Fat-free mass by BIA
At 12 weeks, the two dietary groups had significantly decreased lean body weight (kg) (HP = -2.78.1 ± 0.62; SP = -4.06 ± 1.74, p < 0.0001). No significant differences were observed between the dietary groups (table 2).
Cholesterol, HDL, LDL, triglyceride, and glucose
Change of lipid profiles and blood glucose
Cholesterol (mg/dL) | LDL (mg/dL) | HDL (mg/dL) | Triglycerides (mg/dL) | Glucose (mg/dL) | ||||||
|---|---|---|---|---|---|---|---|---|---|---|
HP | SP | HP | SP | HP | SP | HP | SP | HP | SP | |
Baseline | 199.82 ± 6.91 | 204.00 ± 6.07 | 118.16 ± 5.41 | 128.07 ± 5.69 | 54.45 ± 2.05 | 52.43 ± 1.69 | 122.16 ± 10.06 | 117.71 ± 8.44 | 89.25 ± 15.62 | 84.84 ± 11.40 |
12 weeks | 186.69 ± 5.78* | 195.49 ± 5.49 | 109.76 ± 4.68* | 117.49 ± 5.65 | 55.04 ± 2.23 | 55.15 ± 2.75 | 107.44 ± 8.12 | 114.51 ± 9.92 | 85.35 ± 17.19 | 84.12 ± 12.90 |
Discussion
Protein-enriched meal replacements within a higher protein diet resulted in no greater overall weight loss than the standard protein MR plan over 12 weeks. In this trial, the amounts of weight lost were typical for meal replacement studies done previously [10]. However, the expected effects on increased weight loss resulting from a high protein diet were not seen in this study. There are two possible reasons for the observed similarities in overall weight loss. First, the subjects in the SP group may have eaten foods outside their recommended meal plans which increased protein intake enough to compensate for the difference in protein contents of the MR. Second, the use of MR may have been the major influence on the weight loss by simplifying their weight loss efforts so that the power of the MR intervention may have obscured the difference between the weight loss of subjects using protein-enriched MR shakes by comparison to standard MR [13]. The purpose of the study was to test the real world impact of simply enriching MR with more protein. Based on our results, it appears that compliance is a much more important factor in the MR regimen than protein content.

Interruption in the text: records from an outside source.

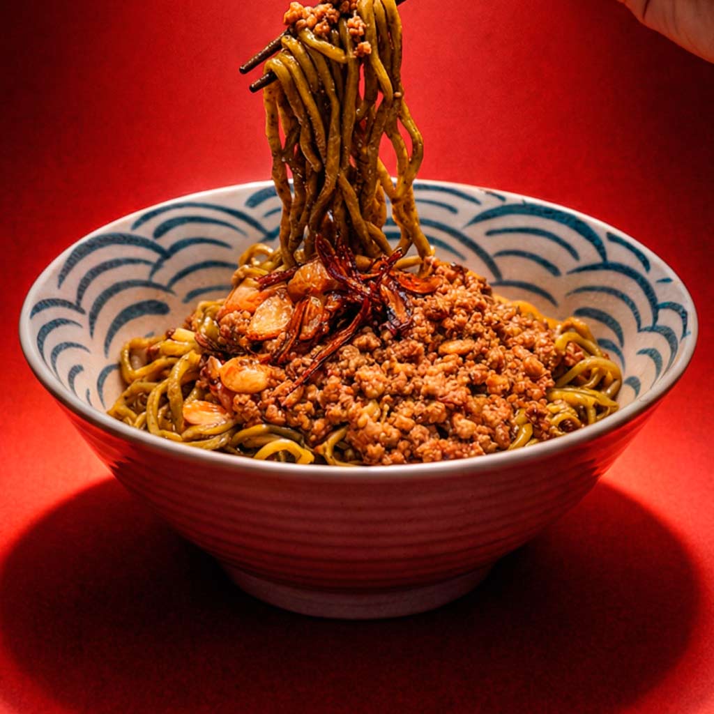 Crispy noodles on top and plenty of our sauce made with fermented soy sauce, pork, and onion.
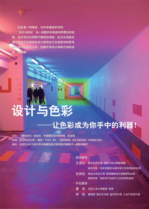 “设计与色彩”这一话题并非是做纯粹理论的说教,也并非仅仅局限于建筑的领域。此次交流意在通过来自不同领域的设计师将自己在实践中的思考和点滴体会拿出来求教于诸师友,挖掘不同设计领域之间的深度“超链接”。
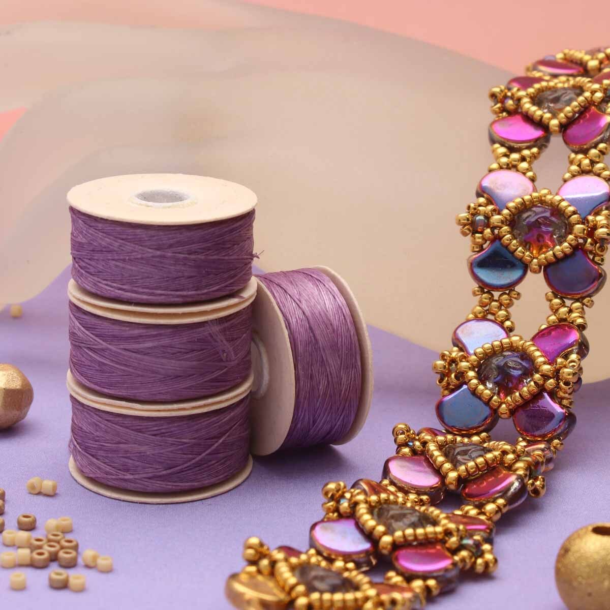 Description : Nymo est l'un des fils de perles en nylon les plus populaires pour les perles de rocaille. Il s'agit d'un monocorde en nylon, qui est un filament de fibre à liaison unique non torsadé. Ceci est utile pour le perlage, en particulier lorsque vous devez retirer des points de suture - il ne se déformera pas et ne se séparera pas. Le fil Nymo est solide et souple, mais il peut s'effilocher lorsqu'il est surmené. Nymo est utilisé avec des perles de rocaille en verre pour le tissage sur métier à tisser, la couture de perles hors métier et la broderie de perles ou comme fil de trame dans les perles de métier à tisser. Il est particulièrement adapté à la confection de bijoux avec des pompons et des franges solides mais avec un mouvement souple. Sa flexibilité signifie qu'il peut passer à travers les billes plusieurs fois. La taille B est de 0,2032 mm et l'une des épaisseurs les plus couramment utilisées. Il convient à une large gamme de points et de tailles de perles, y compris les perles de taille 8, 10, 11 et 15.
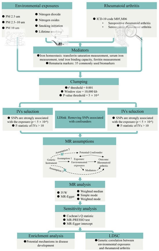 The workflow of our study is depicted in Figure 1. Our investigation was conducted employing a bidirectional two-sample MR approach, and our MR analysis was crafted in accordance with the STROBE-MR guidelines (Supplementary STROBE checklist). Initially, we implemented MR to examine the causal relationship between environmental exposures and RA. To better understand this connection, RA was categorized into seropositive and seronegative subtypes. For positive findings, further scrutiny was applied to their association with diverse RA subtypes. Thereafter, sensitivity analyses were undertaken to ascertain the robustness of our discoveries and to explore potential sources of heterogeneity. Subsequently, mediation MR analysis examined the mediating role of iron metabolism and hematuria markers in the linkage between environmental exposures and RA. This analysis allowed us to quantify the proportion of effects mediated by these factors, further illuminating underlying mechanisms, in tandem with enrichment analyses. Ultimately, we employed LDSC to probe potential genetic correlations between environmental exposures and RA, despite the possibility of non-causal relationships.
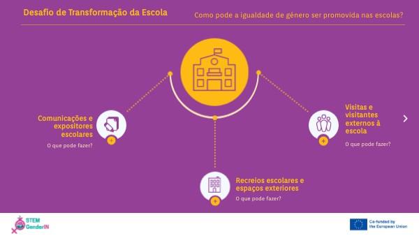 Ao convidar visitantes externos/as à escola, devem ser tidas em conta as seguintes considerações: -São regularmente convidados/as para a escola oradores/as diversos/as? Representam, para além de diferentes géneros, diferentes culturas, religiões e nacionalidades? Pode esta oportunidade ser utilizada para desafiar os estereótipos de género? -Os/as funcionários/as que visitam e participam em feiras científicas e de emprego são representativos/as em termos de diferentes origens?
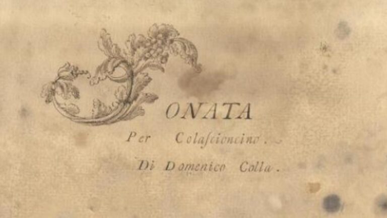 Nella sottostante Galleria fotografica, l’immagine n. 1 è del Fotostudio Rapuzzi. Accanto alla nota caricatura di Domenico Colla realizzata da Pier Leone Ghezzi (foto n. 2), includiamo il frontespizio di una Sonata manoscritta per colascioncino dello stesso Colla, conservata nella Biblioteca di Dresda e accessibile online.

Protein enrichment of MR did appear to lead to increased retention of lean body mass based on bioelectrical impedance analysis. In this study, greater retention of lean body mass was suggested by the observation of increased fat loss at similar weight losses. Fat loss is determined by subtracting the lean body mass determined based on body water content from the total body weight at baseline compared to 12 weeks. The fat loss was significant both between groups and in individuals over time. Loss of lean mass was not different since the variability in fat free mass between subjects increased the variability of this measurement, reducing our power to see any difference. The observation we made at 12 weeks using bioelectrical impedance will require confirmation in longer-term studies where changes in body composition are more marked and in which additional methods for determining body composition are used. A recent meta-analysis of 87 short-term diet studies where protein and carbohydrate content was varied found that a protein intake of greater than 1.05 g/kg of actual body weight was associated with 0.6 kg additional fat-free mass retention compared with diets with protein intakes ≤1.05 g/kg [14]. Both meal plans in this study had protein greater than this cut point and the effects seen may be blunted by the relatively high protein in the SP group.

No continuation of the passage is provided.